FILE - In this April 23, 2014 file photo, a man smokes an electronic cigarette in Chicago. After the vaping epidemic worsened in 2019, the association has been urging states to make changes. (AP Photo/Nam Y. Huh, File)

SALT LAKE CITY– Doctors in Utah are seeing more patients with vaping-related lung illnesses.

Last year, there were many diagnoses of the disease, known by the acronym EVALI. 

Now, cases are on the rise again, whether because people think it’s safe to vape again, or because they are vaping more due to stress, according to Intermountain Healthcare Pulmonologist Dr. Denitza Blagev.

The real struggle for doctors is getting EVALI diagnosed and treated during the COVID-19 pandemic. 

“Someone may come in with low oxygen and shortness of breath, but people can be hesitant to say they vape,” said Dr. Blagev.

Dr. Blagev stated it’s crucial for anyone with shortness of breath and low oxygen to quit vaping.

“And for clinicians when we are seeing patients, when we suspect COVID, once we’ve ruled out COVID, be sure we are getting that vaping history and be thinking about EVALI as well,” she said.

COVID-19 and EVALI have a similar treatment in the beginning but then it varies, so the proper diagnosis is key.

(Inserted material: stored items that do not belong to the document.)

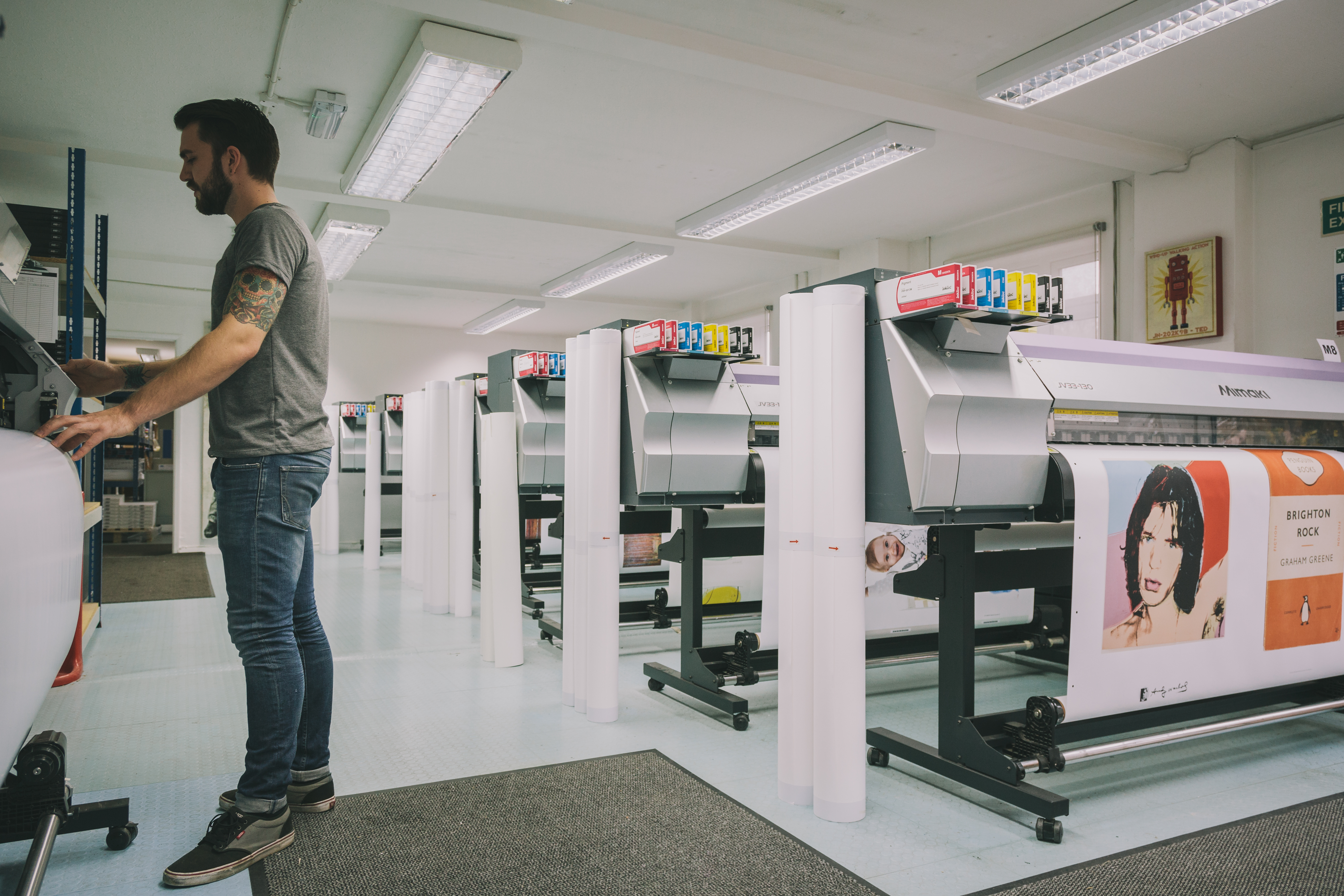 Print on Demand machines at King and McGaw warehouse in Newhaven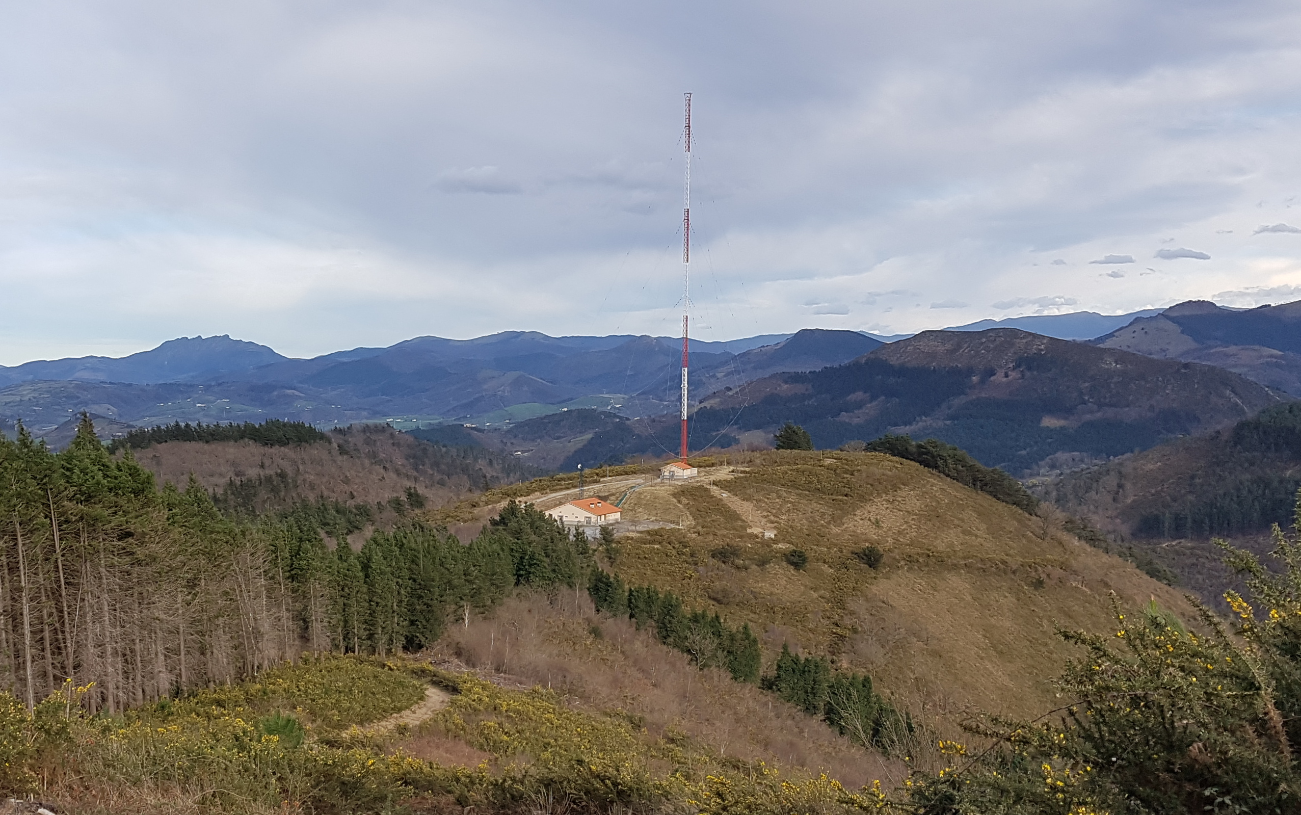 Antenna of Radio Nacional de España in Biribillondo (Andatza mountain)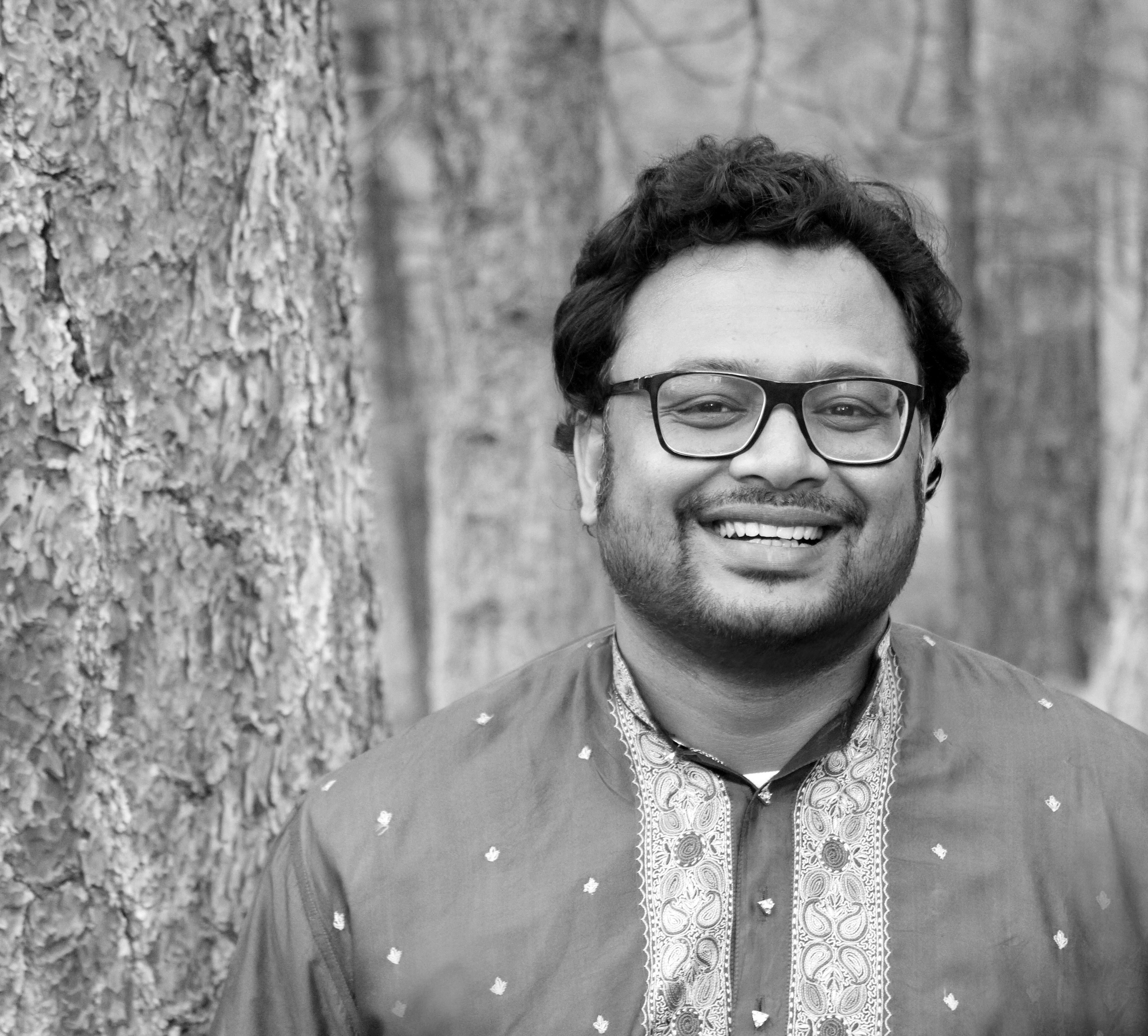 Kolkata Sitar Master (and founder of the LAIMA Academy) RAJIB KARMAKAR in the Los Padres National Forest, California - USA in August 2019 - photograph by Ithaka Darin Pappas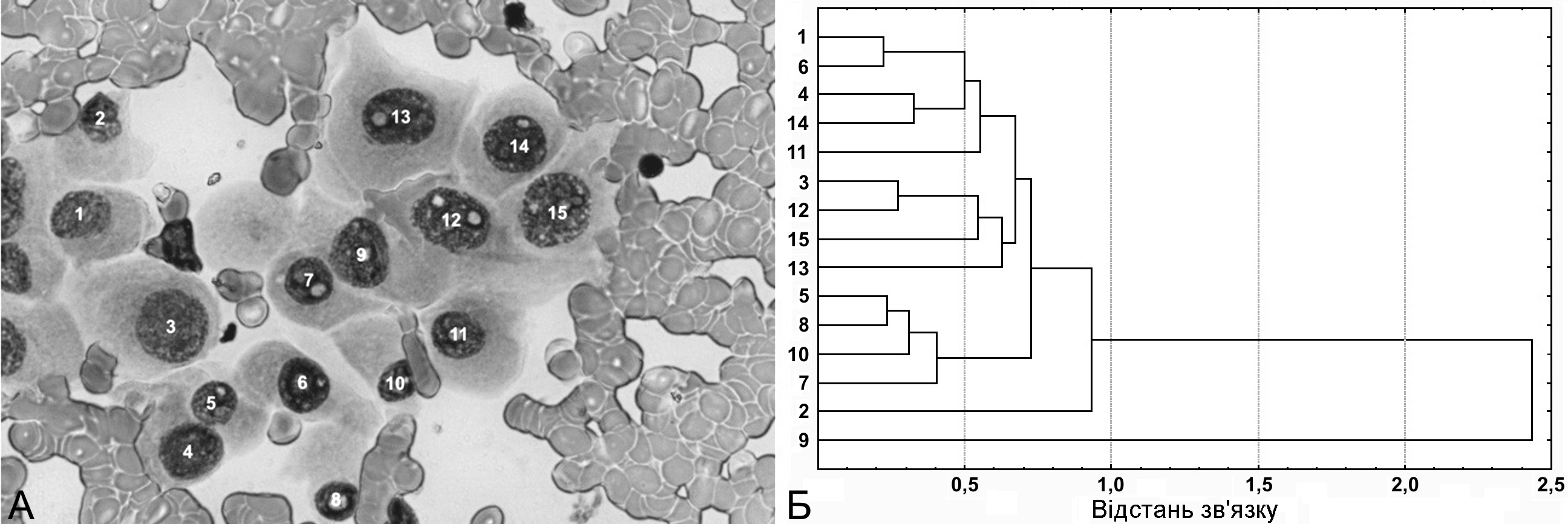 Illustration of hierarchical cluster analysis

Dr. Blagev said it’s hard to know whether vaping itself is a risk factor for coronavirus like smoking is. Nurses and doctors ask about tobacco use, but not necessarily about e-cigarettes. And the practice can be called different things.

“There’s no easy way for me to query that in the medical record. But I could query, how many were smoking and had a COVID diagnosis because we are so much better at obtaining that history,” she said.

Dr. Blagev has been part of research looking into the differences between respiratory diseases and the best treatments. And while vaping illnesses are more challenging to diagnose right now, it still remains an important diagnosis to consider in patients.